_Description of the task_
From the line with "Obraz premium Amazing" to the end of the data below, restate each line word for word, both ends included, without the pictures.

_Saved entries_
# # # #

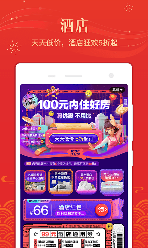 3,酒店:新人三重礼,200元返现等你领!支持国内国外百万余家酒店预订,尽享优惠低价;
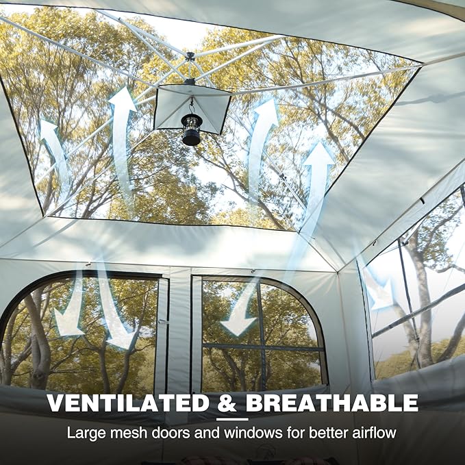 - Excellent Ventilation & Views: Featuring double-layer mesh windows and doors on 3 sides, along with an extra-large mesh skylight on the top, this camping cube offers outstanding ventilation. At the same time, it effectively keeps mosquitoes and other insects out, ensuring a bug-free outdoor experience. The oversize D-shaped rear screened door not only provides a great view but also contributes to better air circulation.
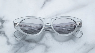Crystal 10mm Cured Cellulose Acetate Frame With Custom Double Laminated Acetate Temples Featuring Precious Metal Hardware And Grey Lenses
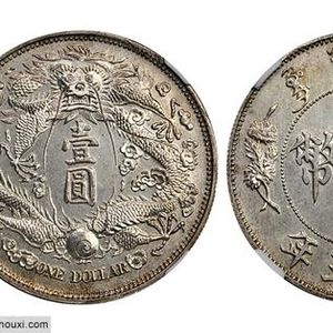 PCGS-UNC光绪丁未壹圆,币面柔光,龙鳞完好,略有刮擦痕迹,估价7000-9000美元;NGC-MS65宣统二年壹圆,水龙图案,为NGC亚军分数,颇为罕见,此枚银光充沛,打制深峻,字口图案完整清晰,估价4-5万美元。
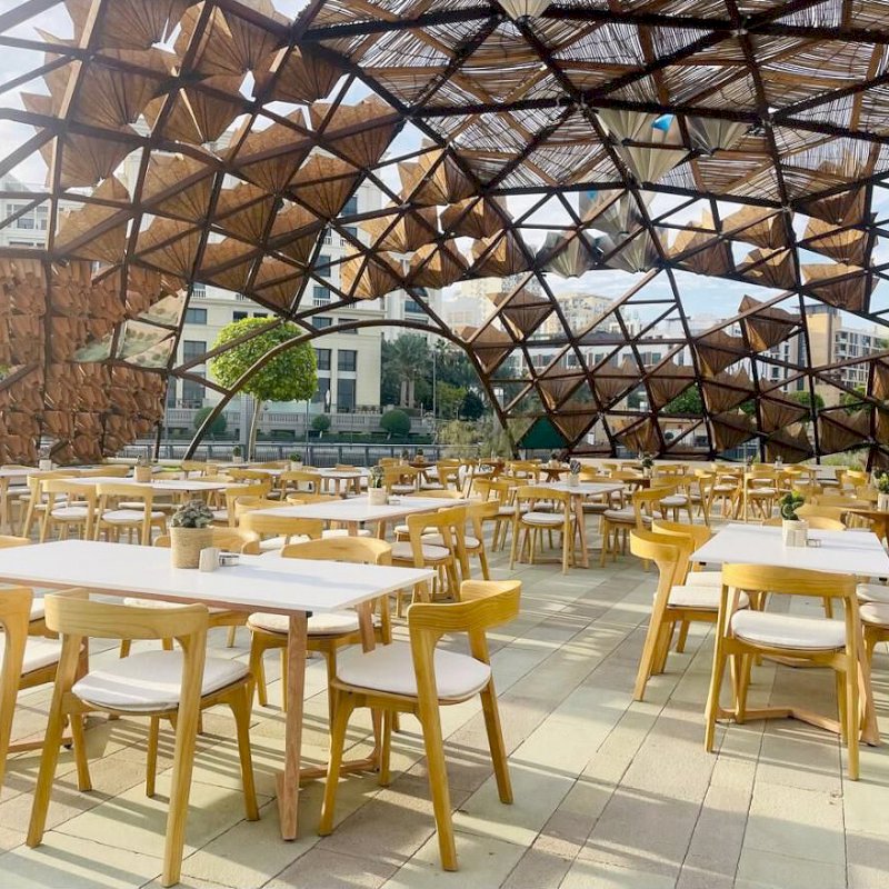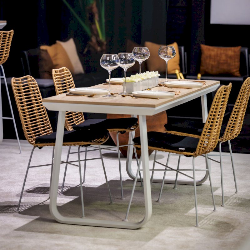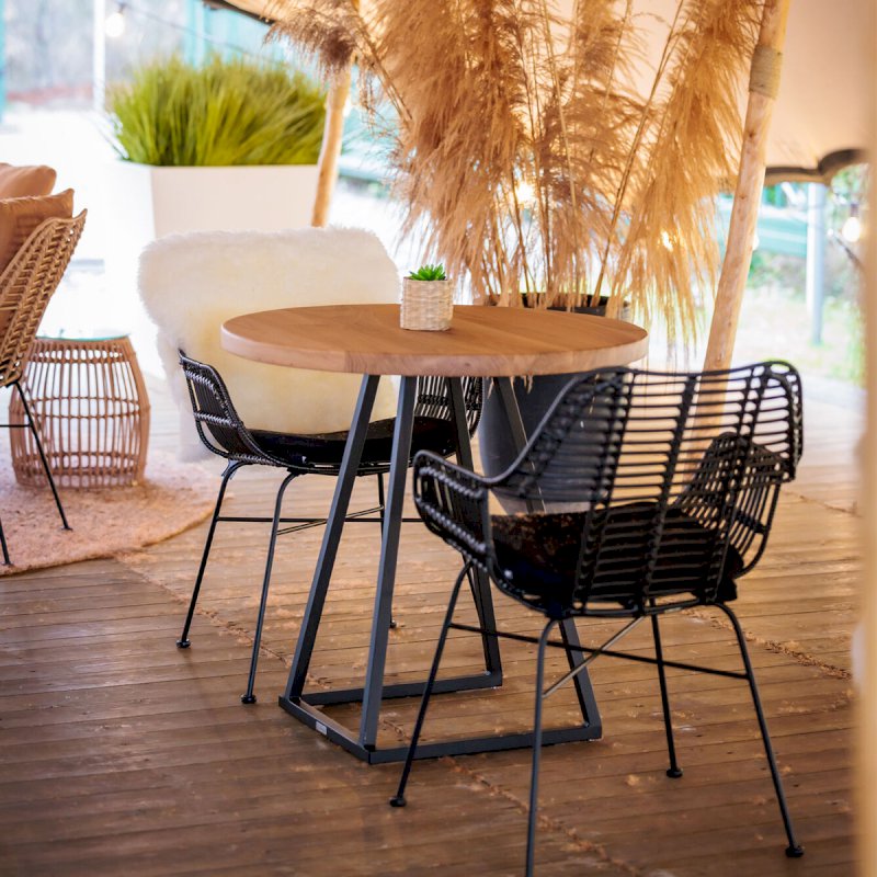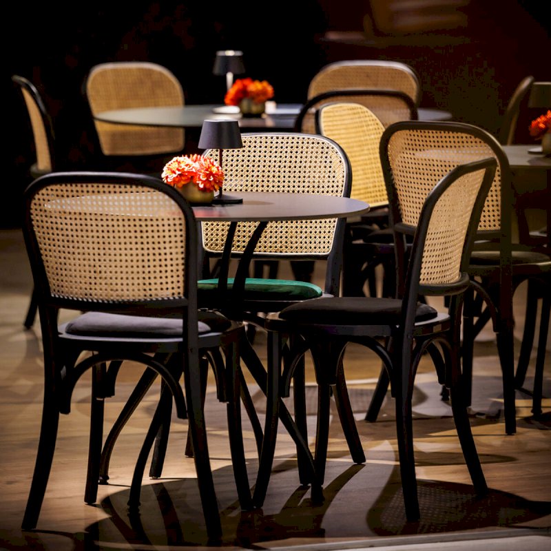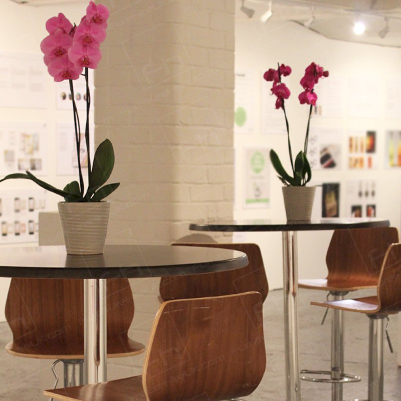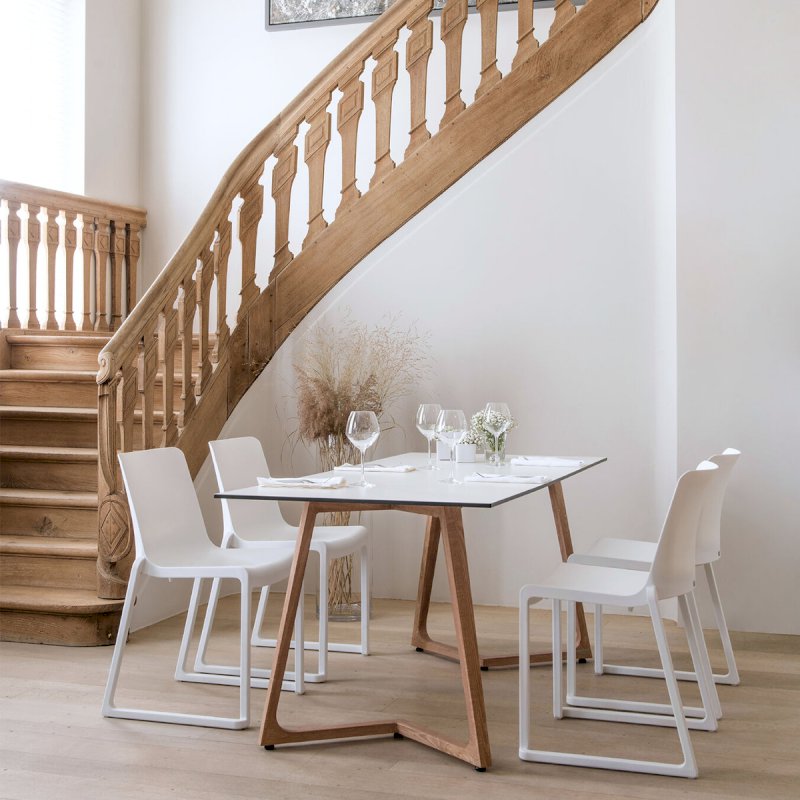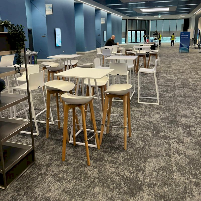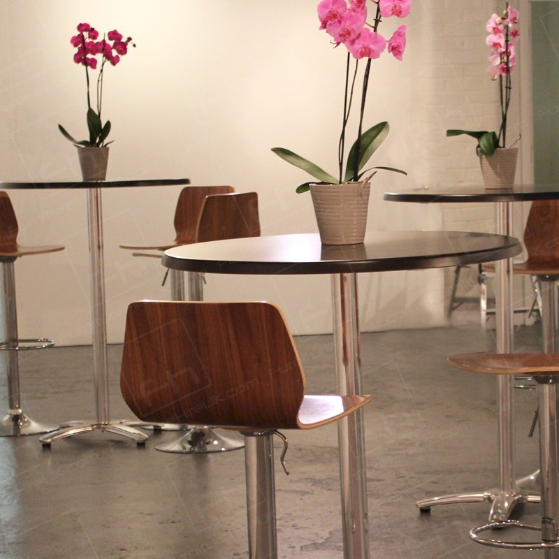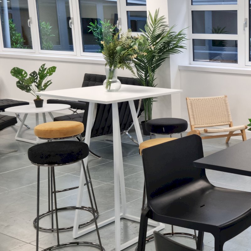 Our tavola tables are simple but effective in any space or environment. Teamed with Esme stools with low back.
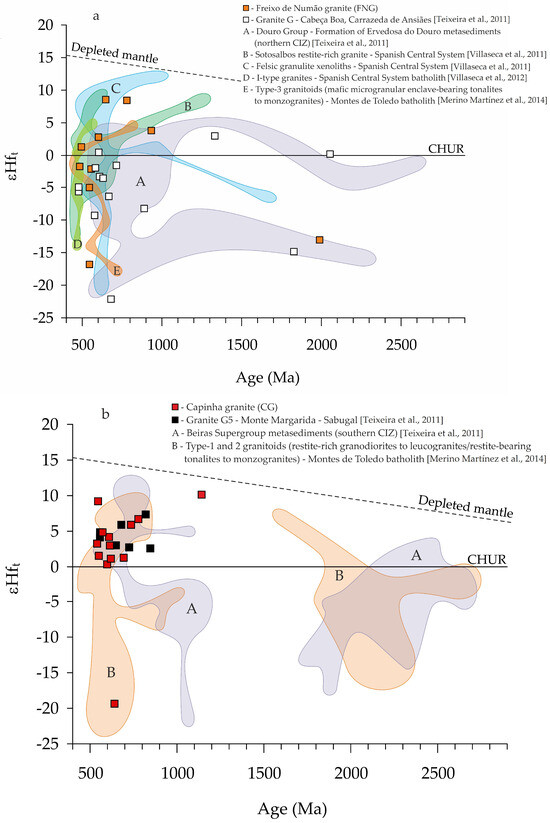 - Teixeira, R.J.S.; Neiva, A.M.R.; Silva, P.B.; Gomes, M.E.P.; Andersen, T.; Ramos, J.M.F. Combined U–Pb geochronology and Lu–Hf isotope systematics by LAM–ICPMS of zircons from granites and metasedimentary rocks of Carrazeda de Ansiães and Sabugal areas, Portugal, to constrain granite sources. Lithos 2011, 125, 321–334. [Google Scholar] [CrossRef]
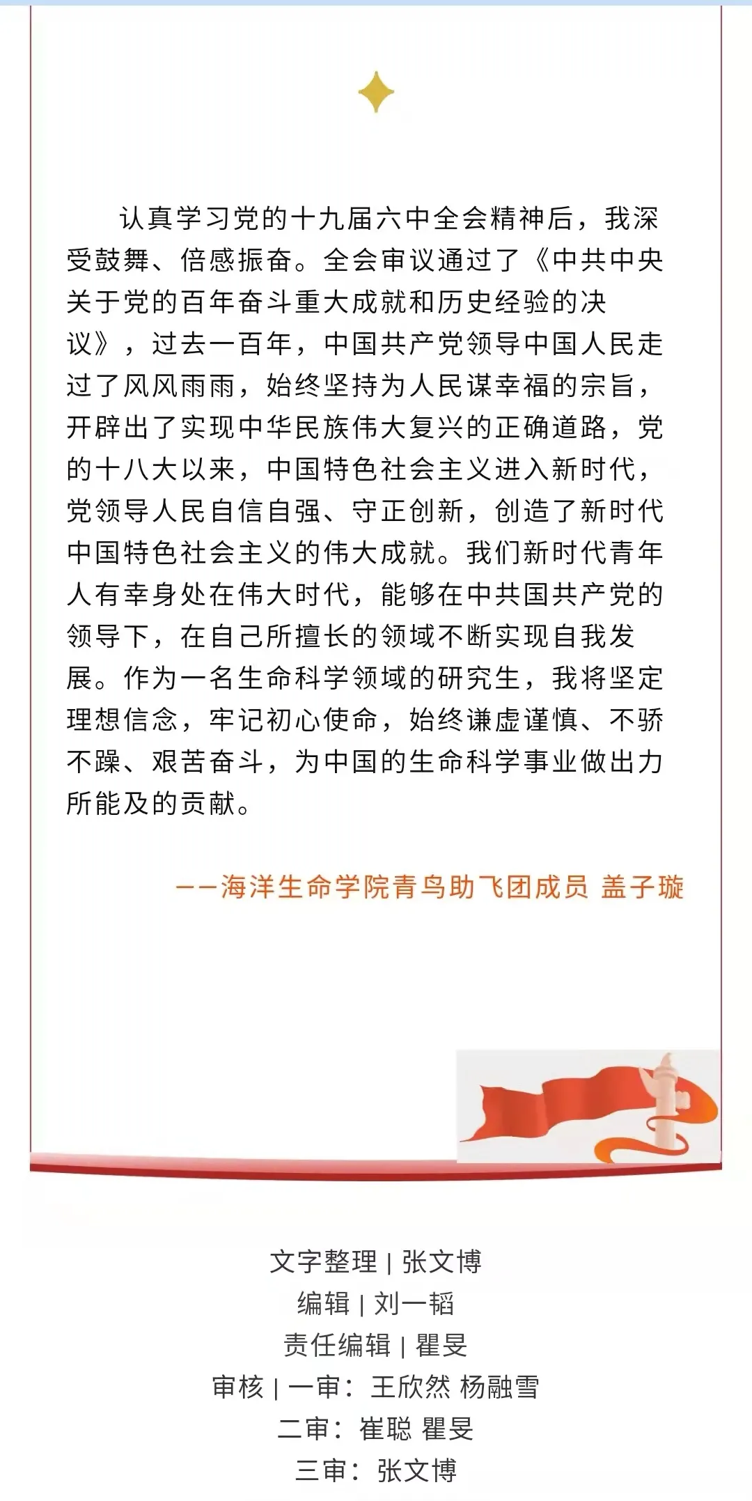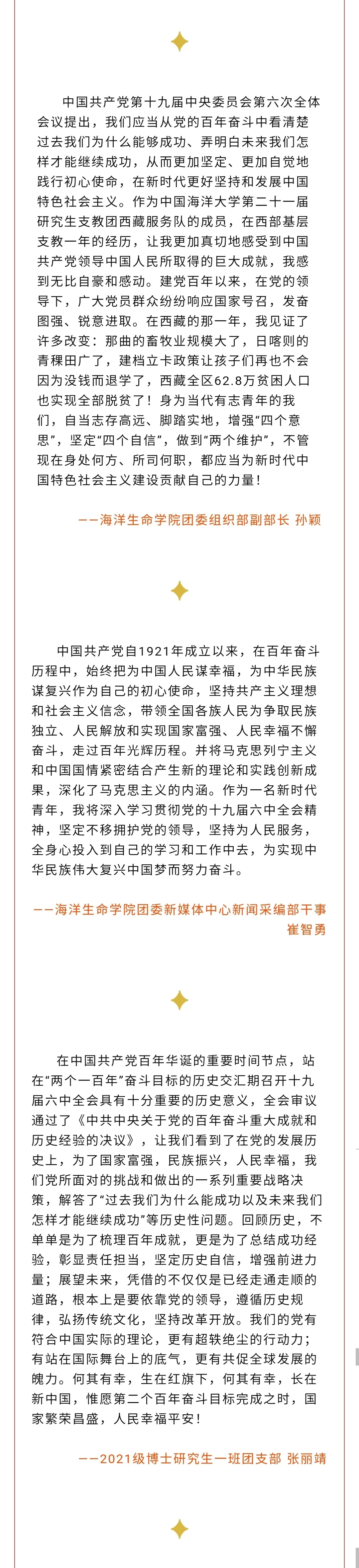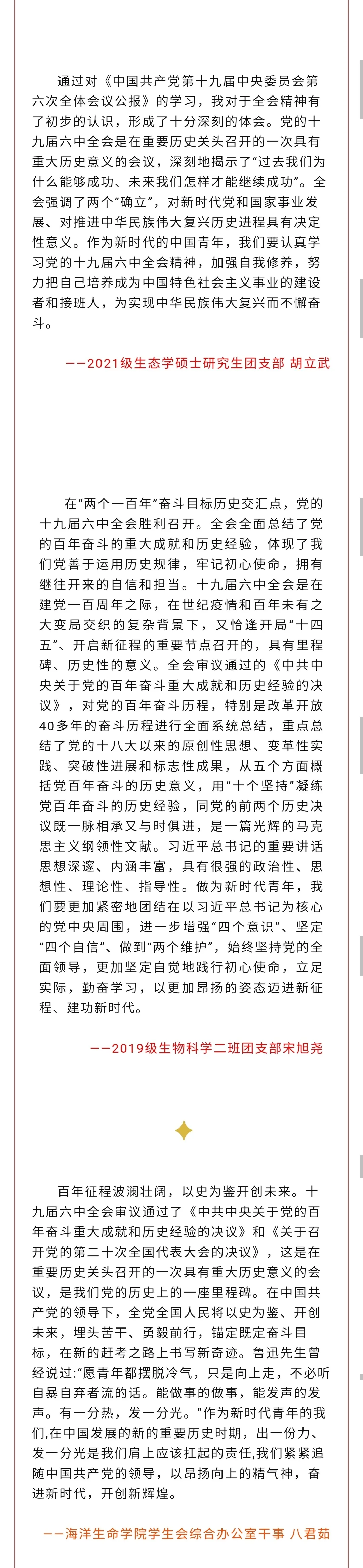 海洋生命学院青年学子热议党的十九届六中全会精神
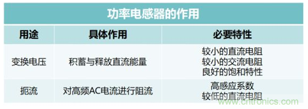 功率電感器一般用于電源處,能承受較大電流。電源電路中的電感器的主要用途有“變換電壓用”以及“扼流用”,并被用于各種電子設備中。
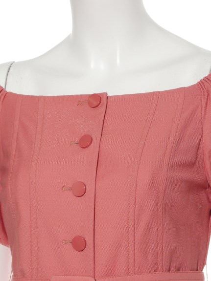 前面にボタンを配し、さらに共布の太ベルトでポイントを加えたデザインワンピース。大胆に肩を出しても大人っぽいし、あえて出さずに袖のパフスリーブを強調しても。
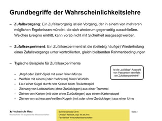 Das Dokument behandelt grundlegende Konzepte der Wahrscheinlichkeitstheorie, Mengenlehre und Kombinatorik und deren Anwendung in Zufallsexperimenten, wie z.B. Würfeln oder Münzwurf. Es erläutert zentrale Begriffe wie Ereignisse, Mengen und logische Operatoren sowie die Rechenregeln für Mengen. Zudem wird der klassische Wahrscheinlichkeitsbegriff nach Laplace und die dazugehörigen Axiome von Kolmogorov vorgestellt.
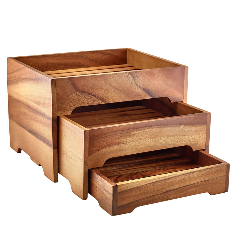 •Aus Akazienholz •3-stöckiges Design •Obere Ebene kompatibel mit einer Vielzahl von GN 1/2-Platten
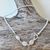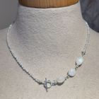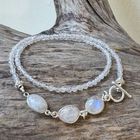 Diese schöne Kette haben wir aus facettiertem Regenbogen-Mondstein in sehr schöner Qualität (3mm), sehr vielen Zwischenstücken aus Sterlingsilber, drei Verbindungselementen aus facettiertem Regenbogen-Mondstein (ca. 14x10mm) und einem dekorativen Ring-Stab-Verschluss aus mattiertem Sterlingsilber kreiert. Die Kette hat eine Länge von 42,5cm.
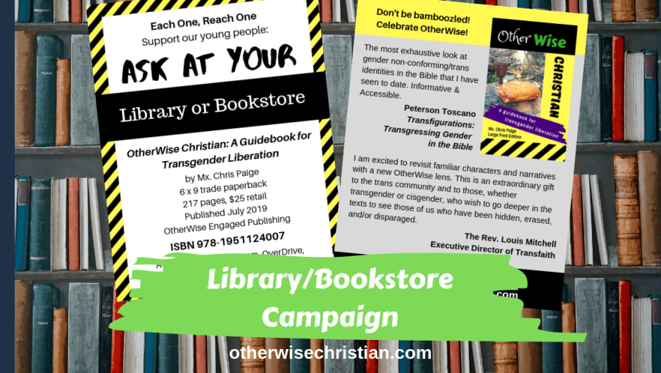 So my dream for OtherWise Christian: A Guidebook for Transgender Liberation to be a resource to those who are most affected by and vulnerable to transphobia and trans-antagonism. That means making this book available in as many libraries and bookstores as possible so that anonymous seekers can find it.
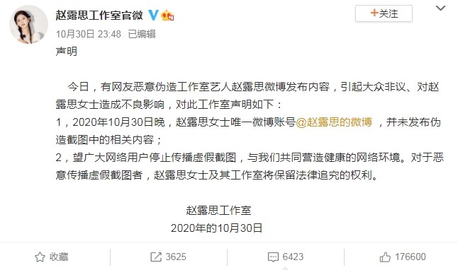 没想到,近来陆网疯传一张截图,画面中疑似是赵露思透过微博帐号发文写下喜欢你3个字、还直接Tag肖战的帐号,甚至传出PO文后秒删的传闻,掀起外界热议。不过,针对此事,女方工作室昨晚火速发出声明辟谣,强调截图是假的,2020年10月30日晚,赵露思女士唯一微博帐号『赵露思的微博』,并未发布伪造截图中的相关内容。
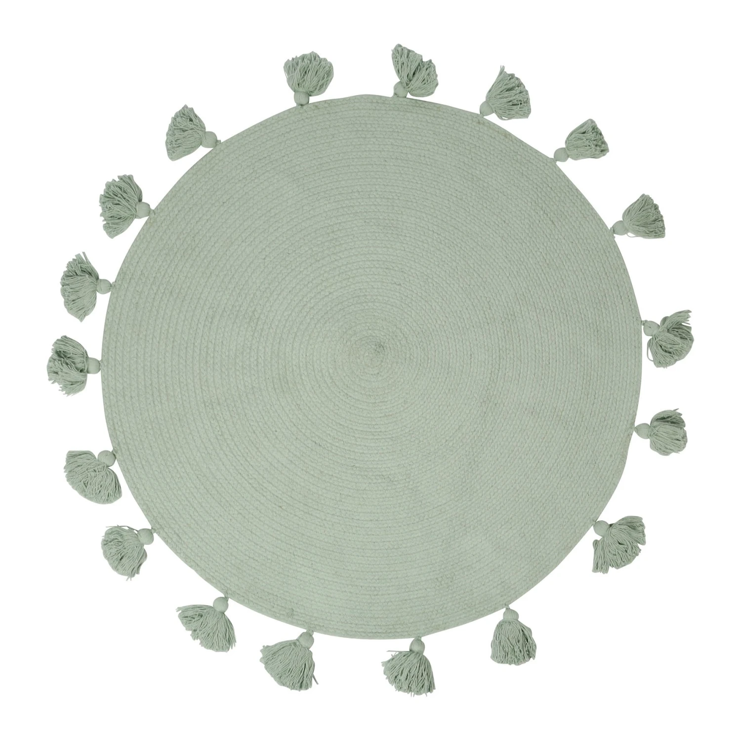 Finition : tapis rond à pompons.
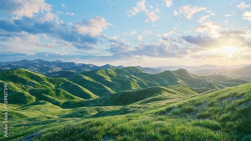 Obraz premium Amazing Landscape with Green Hills and Blue Sky
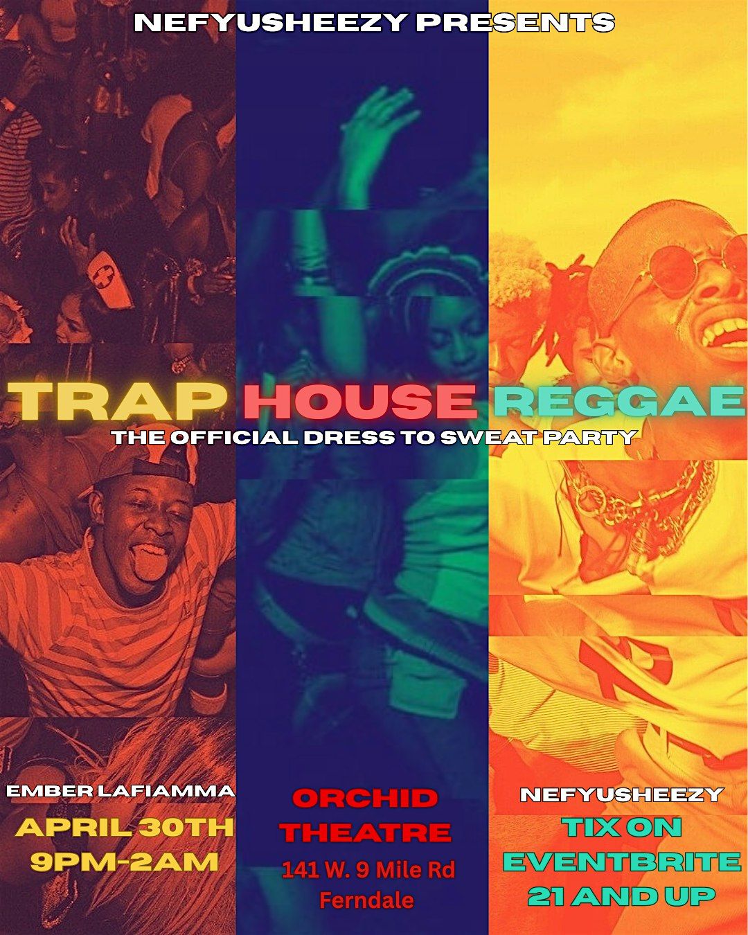 TrapxHousexReggae (The Dress to Sweat Party) is an event catered to those who enjoy dancing with their ugly faces, letting their hips do all the thinking, and sweating out their problems on the dancefloor. Our DJ's (NefyuSheezy and Ember LaFiamma) have catered their sets to bring you only the highest quality tracks, masterfully mixed for your listening and dancing pleasure. We are deeply looking forward to taking you on this journey.

# # # #

_Your solution_
 Obraz premium Amazing Landscape with Green Hills and Blue Sky
 TrapxHousexReggae (The Dress to Sweat Party) is an event catered to those who enjoy dancing with their ugly faces, letting their hips do all the thinking, and sweating out their problems on the dancefloor. Our DJ's (NefyuSheezy and Ember LaFiamma) have catered their sets to bring you only the highest quality tracks, masterfully mixed for your listening and dancing pleasure. We are deeply looking forward to taking you on this journey.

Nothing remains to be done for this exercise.